Matthew 22:34 – 40 is said to be summation of the Decalogue. But that text says “On these two commandments depend all the Law and the Prophets.” Jesus tells us that the Law of Moses (the first five books of the Bible) and the Prophets (the balance of the Old Testament) hang on the two greatest commandments – not that they hang on the Decalogue. By claiming that these commandments (taken from Deut 6 and Lev 19 – not from Ex 20) only sum-up the Decalogue puts them in too low of a position. All of the then-known Scriptures depend upon them, in the same way that they point to Christ, “beginning with Moses and all the Prophets, he interpreted to them in all the Scriptures the things concerning himself.” The proper love of God and love of the brotherhood cannot be reduced to Ten Words on stone tablets. It must be written by God on tablets of flesh in the hearts of His people – it is a far, far greater thing than the type and the testimony given to Israel on Mt. Sinai. The Law of Moses serves its purpose – keeping sinners until faith in Christ comes (Gal 3:24 – 25) and it continues (Matt 5:17) for all born into the covenant of works that binds non-elect until Judgment Day. Short and to the point, 2 Cor 3 contrasts these two concepts better than I am able.

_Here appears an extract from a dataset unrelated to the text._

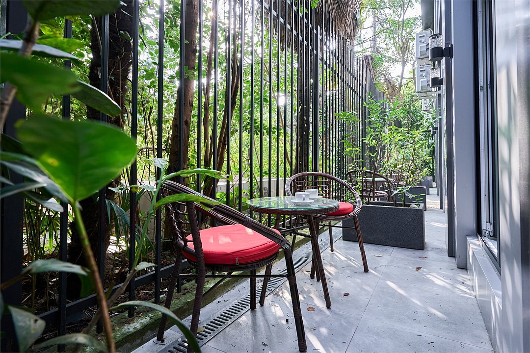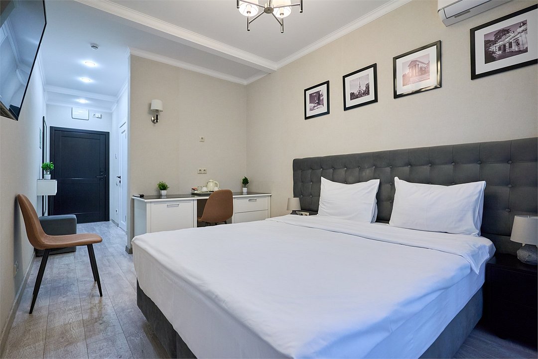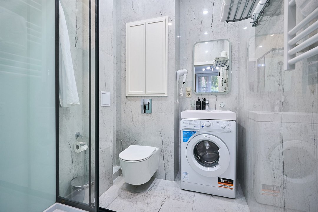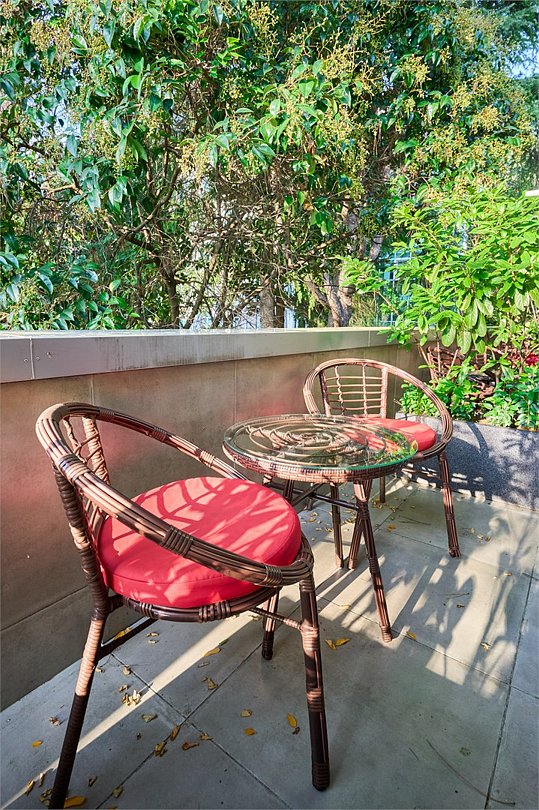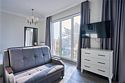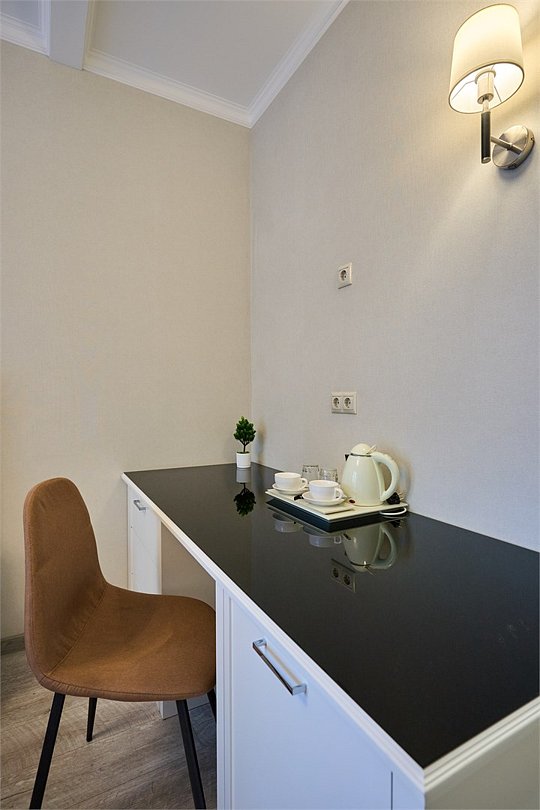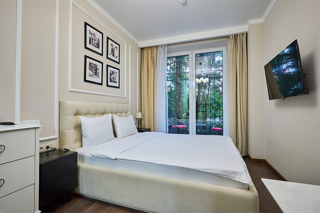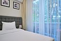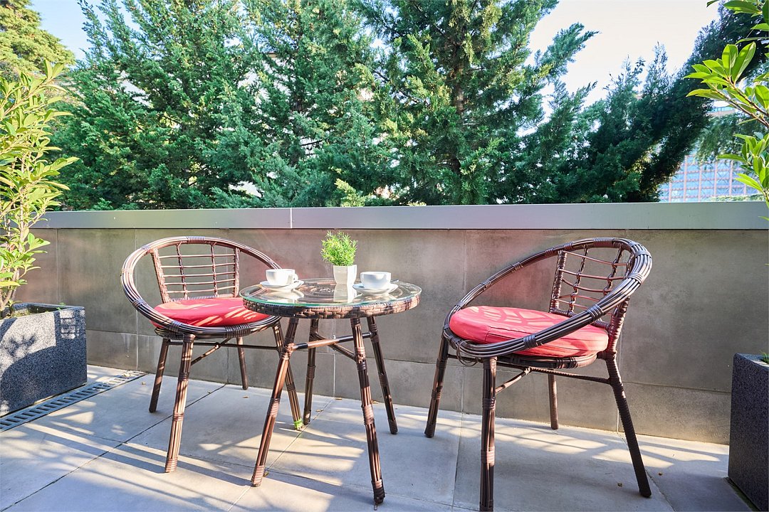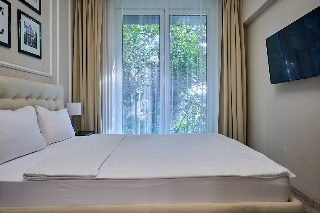 Стильные и комфортабельные номера с балконом и летней мебелью на нём. В номерах есть всё необходимое для комфортного проживания, включая микроволновую печь и стиральную машину. Номера оснащены кроватями трансформерами - две раздельные или одна двуспальная. В номере есть телевизор, электронный сейф, стол, пуфики и прикроватные тумбочки. Ванная комната с раковиной, душем, также имеются индивидуальные наборы косметических средств для гостей. Комфортную температуру обеспечивает сплит система кондиционирования. Все номера данной категории расположены на третьем этаже, имеют балкон с видом на парк.Услуги и удобства

In Closing, it does make perfect sense for the Presbyterians to appropriate the covenants given specifically to the nation of Israel, because they see equivalence between the church and ancient Israel, both members of the same covenant with wheat and chaff therein. Baptist ought to see the nation of Israel mainly as a type, fulfilled in Christ in the New Covenant in His blood, wherein only the redeemed enjoy the far greater benefits of that covenant. The Decalogue reflects God’s moral law given to Adam and deployed it with terms that were types and shadows of Who was to come, marking His temporal people as distinctly His, as His Spirit marks His eternal people as His. The 1689 LB Confession, in chapter 1 paragraph 1, declares something not found in the Westminster document: “The Holy Scripture is the only sufficient, certain, and infallible rule of all saving knowledge, faith, and obedience.” May we rightly see this as a call for us Baptists to be faithful to the doctrine of Sola Scriptura, and not be misled by what men have built up as tradition.

If we are to walk humbly before men and God, we must not stand on what men have taught us, but seek wisdom from the Lord, as revealed in Scriptures. Sola Scriptura must be our foundation of knowing, serving and loving our God and His people; Sempre Reformanda to keep us from clinging wrongly to our beloved traditions.